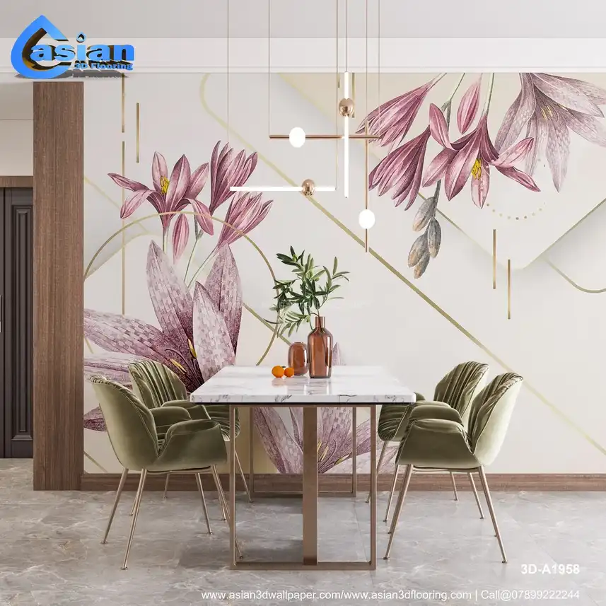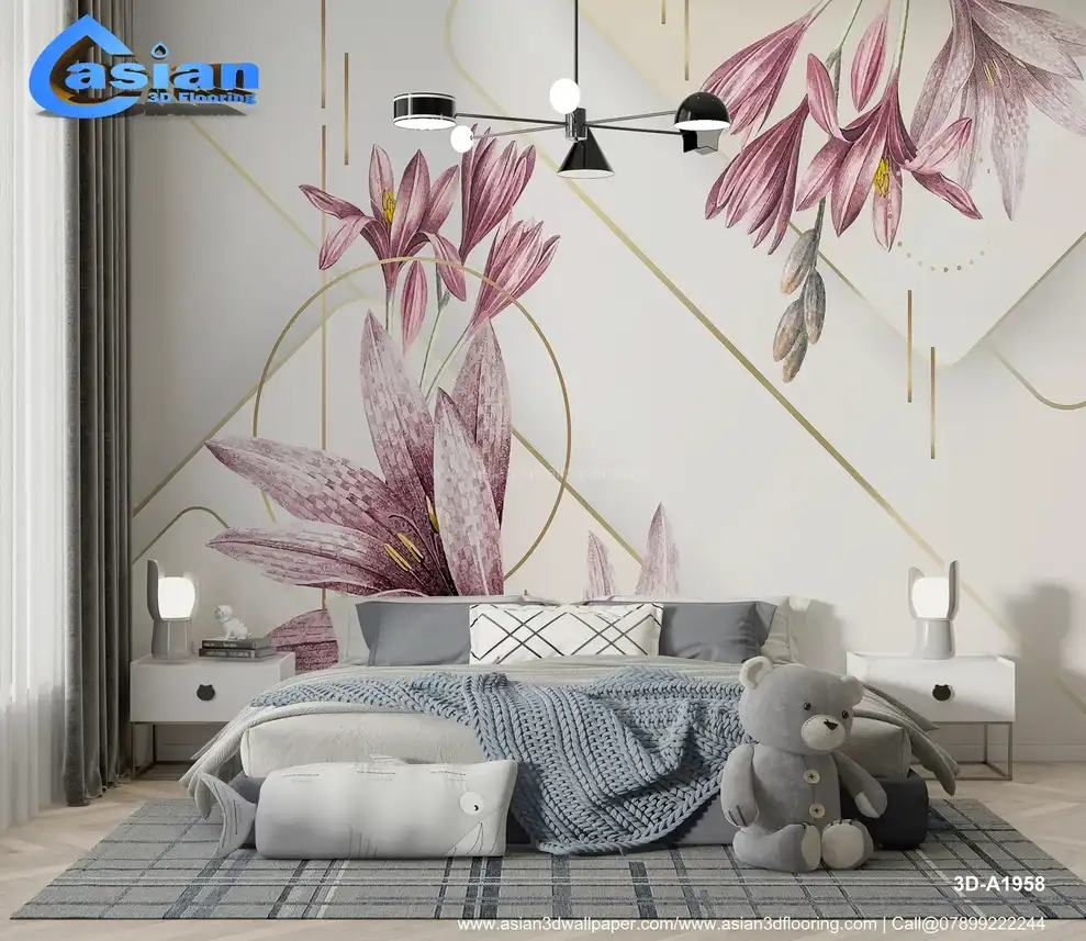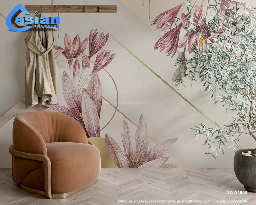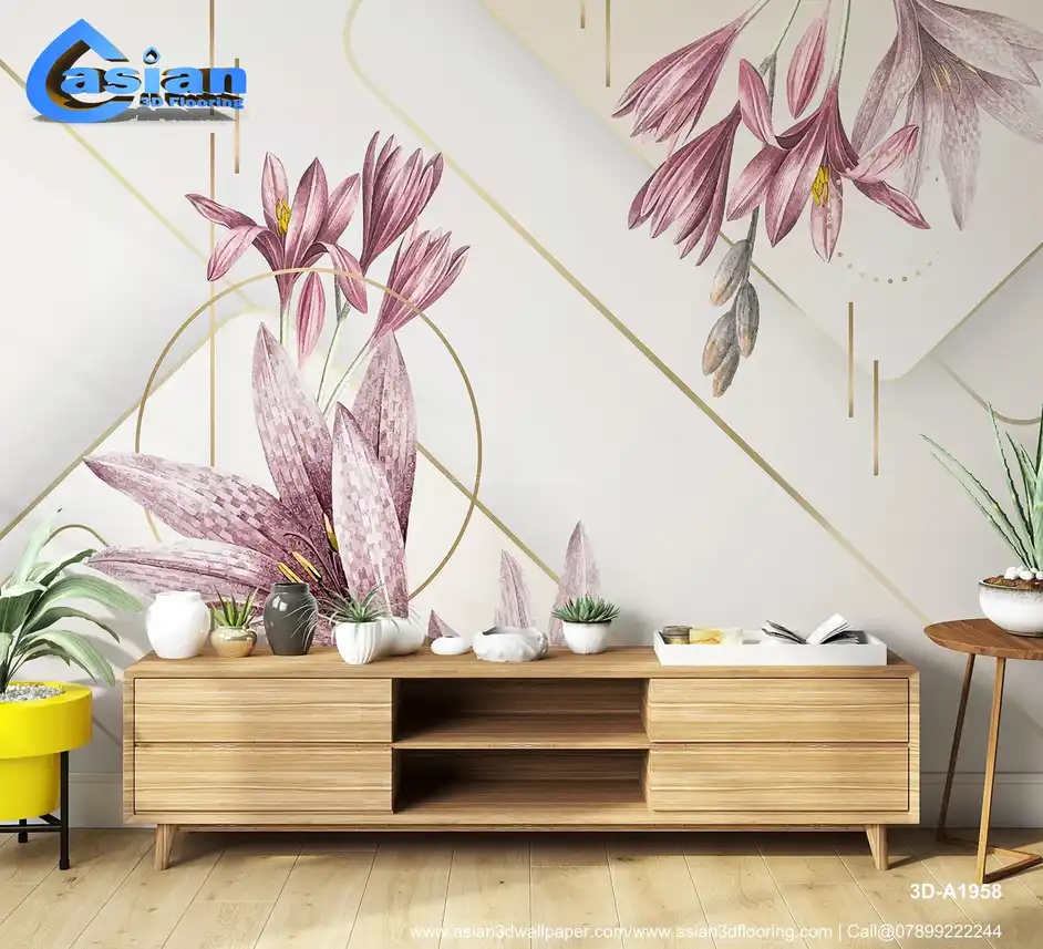 This sophisticated wallpaper features elegant lilies in soft, muted pink tones with delicate golden accents. The geometric lines and circular elements add a modern touch, enhancing the beauty of the floral pattern. The subtle background provides a refined canvas for the floral design, creating a harmonious blend of nature and modernism. Ideal for contemporary living rooms, bedrooms, and elegant spaces looking for a luxurious, floral yet modern atmosphere. Benefits:- This elegant floral wallpaper features soft pink lilies and geometric accents with gold details. Perfect for adding a modern, luxurious touch to any contemporary space.
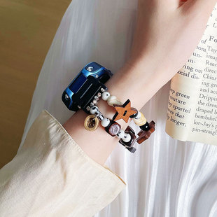 4Pro 5XPro 5pro防摔保护壳 3Pro 4X男女新耀 新复古木质小狗diy手链适用华为儿童电话手表表带5X
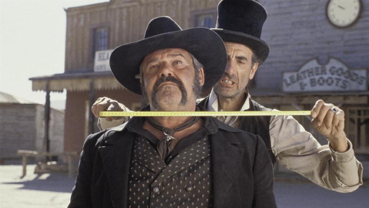 D: It's got… I… when I first heard the description of this movie, that it is set in Spain, in one of the towns that was built for Spaghetti Westerns where they shot a bunch of these movies… and not the big ones, not The Good The Bad and The Ugly. They shot the little stuff, the stuff that you don't remember anymore. I love the fake titles that they used in the movie. There's one of them that made me laugh really hard. What was it? It was Two Rifles and A Grave. I thought it was fantastic, and then I'll Go Kill Him And Come Back. Perfect. It sounds poorly translated.
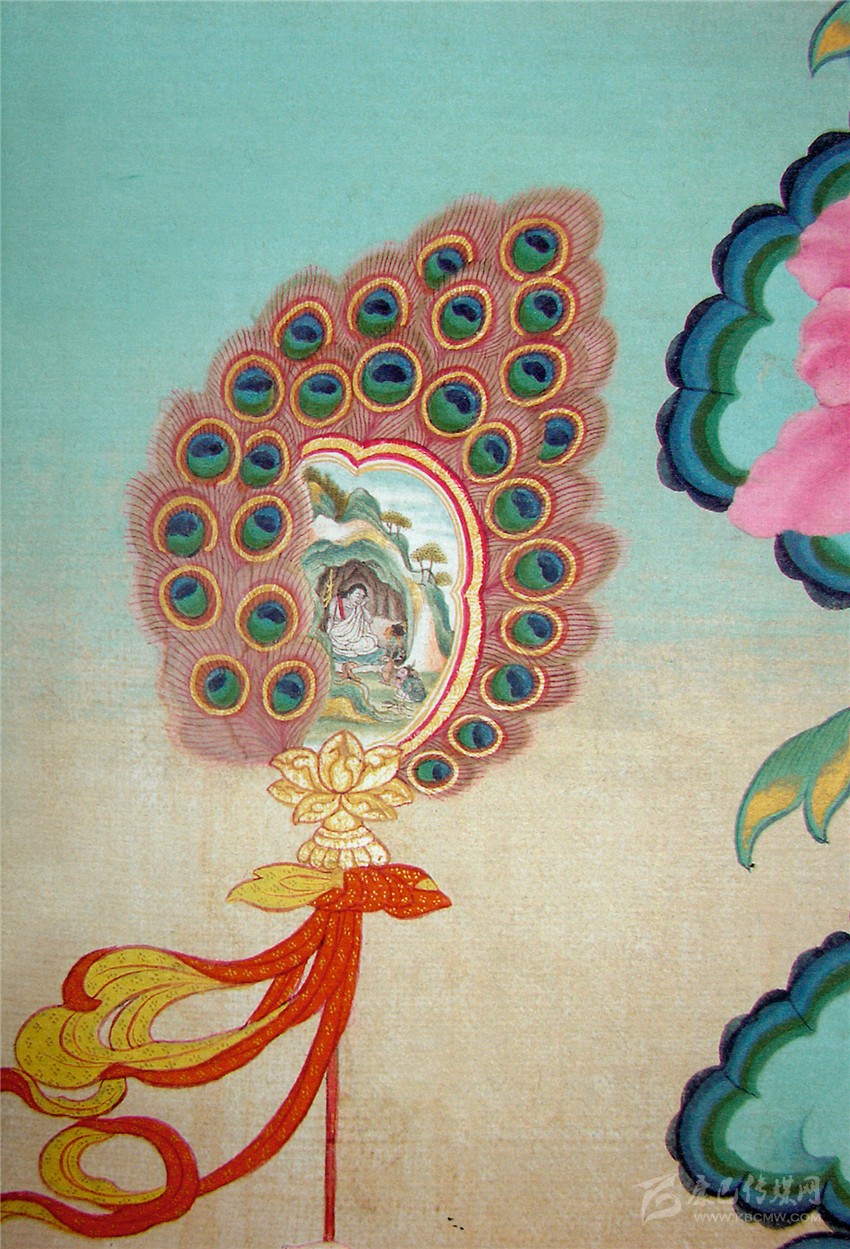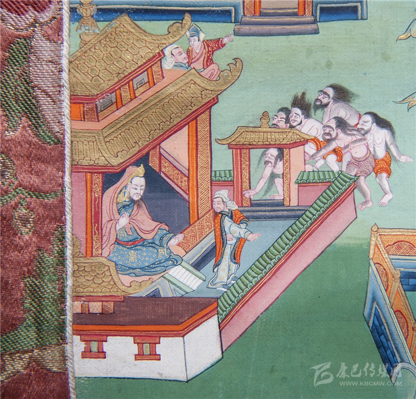 再看《如意寶藤》的另一個(gè)局部,對比唐卡裱邊,我們可以看出大約十公分見方的畫面里,郎卡杰描繪了十個(gè)人物和一棟宮殿,畫面還顯得很疏朗;圍墻外的“邪魔外道”身上不僅分染了體積,還描繪了五官須眉和汗毛。漢式宮殿內(nèi)外墻磚上,還刻畫了精微的花紋和裝飾,郎卡杰的“神變”畫技由此可見。而這樣的微型畫中畫,在郎卡杰作品中大量存在,精彩絕倫。圖二《如意寶藤》局部

####

**About this exercise**
The line with "4Pro 5XPro 5pro防摔保护壳" ends the range, and the first line of the data begins it; repeat exactly those lines and nothing more, omitting pictures.

**Written solution**
 This sophisticated wallpaper features elegant lilies in soft, muted pink tones with delicate golden accents. The geometric lines and circular elements add a modern touch, enhancing the beauty of the floral pattern. The subtle background provides a refined canvas for the floral design, creating a harmonious blend of nature and modernism. Ideal for contemporary living rooms, bedrooms, and elegant spaces looking for a luxurious, floral yet modern atmosphere. Benefits:- This elegant floral wallpaper features soft pink lilies and geometric accents with gold details. Perfect for adding a modern, luxurious touch to any contemporary space.
 4Pro 5XPro 5pro防摔保护壳 3Pro 4X男女新耀 新复古木质小狗diy手链适用华为儿童电话手表表带5X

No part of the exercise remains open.